*EXERCISE GOAL*.
All the lines below need to be transcribed exactly. Pictures get left out.

*SOURCE INFORMATION*.
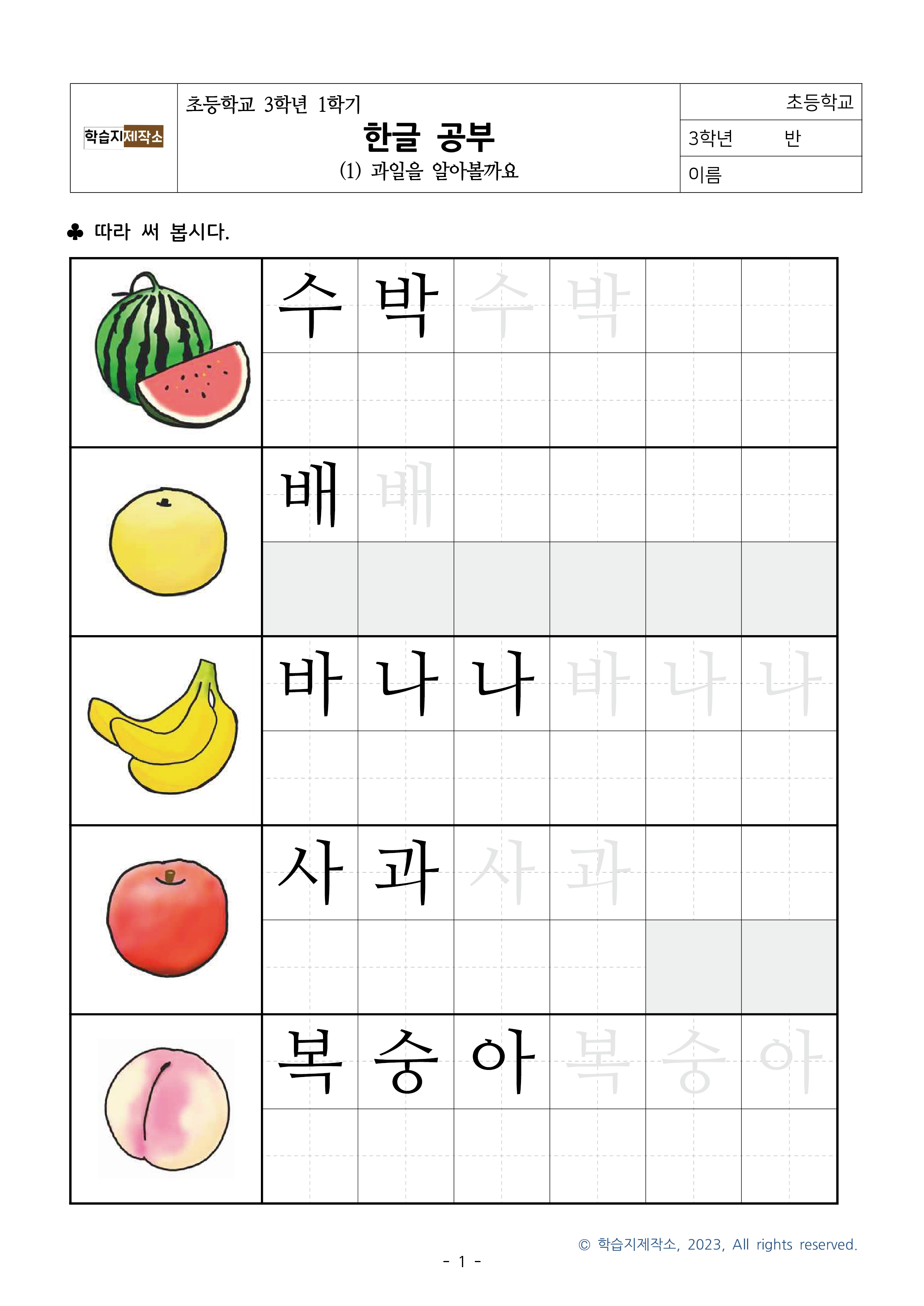 오늘은 '과일'을 주제로 낱말 학습지를 나누어보았습니다.
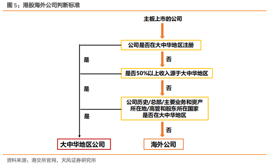 外国公司主要指注册地以及主要业务地点于大中华地区以外的公司,判定一家公司的业务是否以大中华为重心的考虑因素包括:1)公司在何地注册成立;2)公司的历史;3)公司的总部位于何地;4)公司的中央管理及控制所在地;5)公司的主要业务营运及资产所在地;6)公司主要管理人员及控股股东的国籍或居住国家。例如,金界控股(3918.HK)由于公司总部及主要业务在柬埔寨,因此为主板第一上市的外国公司,虽然在2018年10月被纳入到恒生综指中,但因外国公司无法进入港股通中。相反,太阳城集团(1383.HK)虽博彩业务主要在亚太地区,但总部设在香港,并在澳门拥有旅行社业务、同时在内地拥有物业资产,所以属于大中华地区公司,目前为恒生综指和港股通中标的。
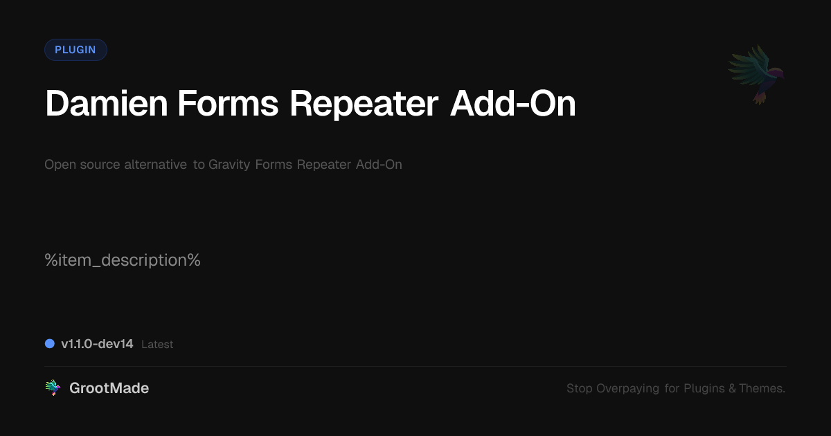 GrootMade is NOT affiliated with Gravity Forms Repeater Add-On or its original author. Gravity Forms Repeater Add-On™ is a trademark of its respective owner and use of it does not imply any endorsement or affiliation. This product has been forked under the GNU General Public License (GPL) and all non-GPL assets (such as proprietary images, fonts, and branding) have been removed. Distributing GPL-licensed code is 100% legal.
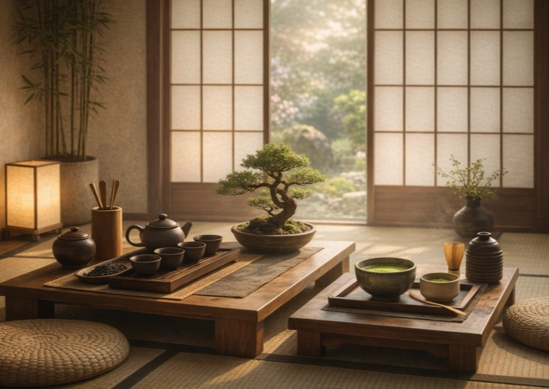 Die japanische Teezeremonie ist stark vom Zen-Buddhismus beeinflusst. Sie basiert auf festen Regeln und Bewegungsabläufen und folgt ästhetischen Prinzipien wie Schlichtheit, Harmonie und Vergänglichkeit.
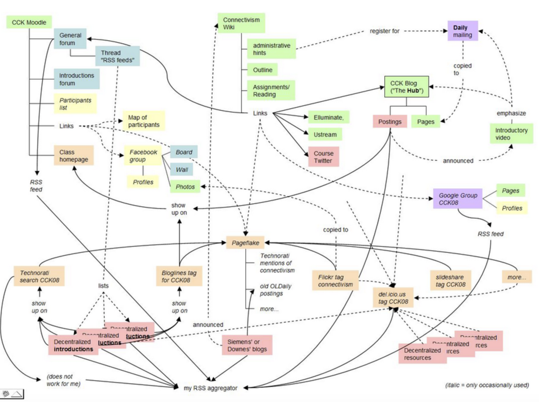 - distributed communication This is probably the most difficult design practice to understand for those not familiar with cMOOCs – and even for those who have participated. With participants numbering in the hundreds or even thousands, each contributing individually through a variety of social media, there are a myriad different inter-connections between participants that are impossible to track (in total) by any single participant. This results in many sub-conversations, more commonly at a binary level of two people communicating with each other than an integrated group discussion, although all conversations are ‘open’ and all other participants are able to contribute to a conversation if they know it exists. The key design practice then with regard to communication is a self-organising network with many sub-components;
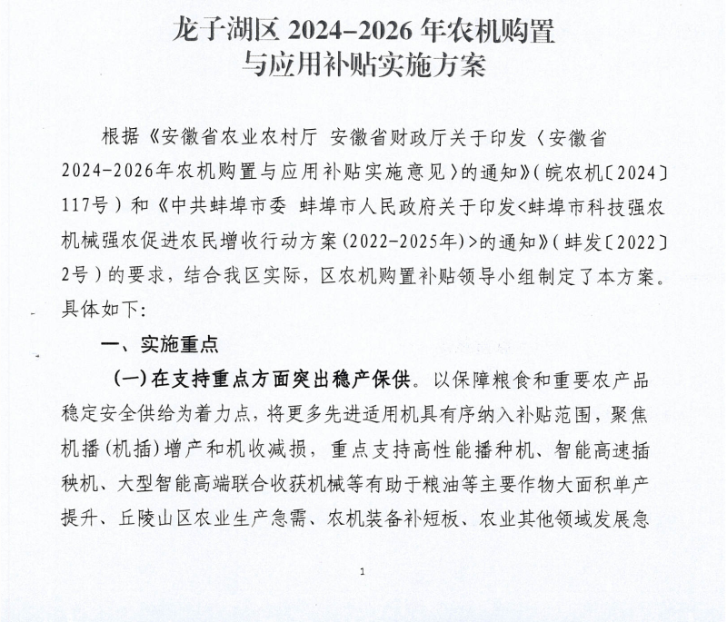 龍子湖區(qū)2024-2026年農(nóng)機(jī)購(gòu)置與應(yīng)用補(bǔ)貼實(shí)施方案

*EXERCISE ANSWER*.
 오늘은 '과일'을 주제로 낱말 학습지를 나누어보았습니다.
 外国公司主要指注册地以及主要业务地点于大中华地区以外的公司,判定一家公司的业务是否以大中华为重心的考虑因素包括:1)公司在何地注册成立;2)公司的历史;3)公司的总部位于何地;4)公司的中央管理及控制所在地;5)公司的主要业务营运及资产所在地;6)公司主要管理人员及控股股东的国籍或居住国家。例如,金界控股(3918.HK)由于公司总部及主要业务在柬埔寨,因此为主板第一上市的外国公司,虽然在2018年10月被纳入到恒生综指中,但因外国公司无法进入港股通中。相反,太阳城集团(1383.HK)虽博彩业务主要在亚太地区,但总部设在香港,并在澳门拥有旅行社业务、同时在内地拥有物业资产,所以属于大中华地区公司,目前为恒生综指和港股通中标的。
 GrootMade is NOT affiliated with Gravity Forms Repeater Add-On or its original author. Gravity Forms Repeater Add-On™ is a trademark of its respective owner and use of it does not imply any endorsement or affiliation. This product has been forked under the GNU General Public License (GPL) and all non-GPL assets (such as proprietary images, fonts, and branding) have been removed. Distributing GPL-licensed code is 100% legal.
 Die japanische Teezeremonie ist stark vom Zen-Buddhismus beeinflusst. Sie basiert auf festen Regeln und Bewegungsabläufen und folgt ästhetischen Prinzipien wie Schlichtheit, Harmonie und Vergänglichkeit.
 - distributed communication This is probably the most difficult design practice to understand for those not familiar with cMOOCs – and even for those who have participated. With participants numbering in the hundreds or even thousands, each contributing individually through a variety of social media, there are a myriad different inter-connections between participants that are impossible to track (in total) by any single participant. This results in many sub-conversations, more commonly at a binary level of two people communicating with each other than an integrated group discussion, although all conversations are ‘open’ and all other participants are able to contribute to a conversation if they know it exists. The key design practice then with regard to communication is a self-organising network with many sub-components;
 龍子湖區(qū)2024-2026年農(nóng)機(jī)購(gòu)置與應(yīng)用補(bǔ)貼實(shí)施方案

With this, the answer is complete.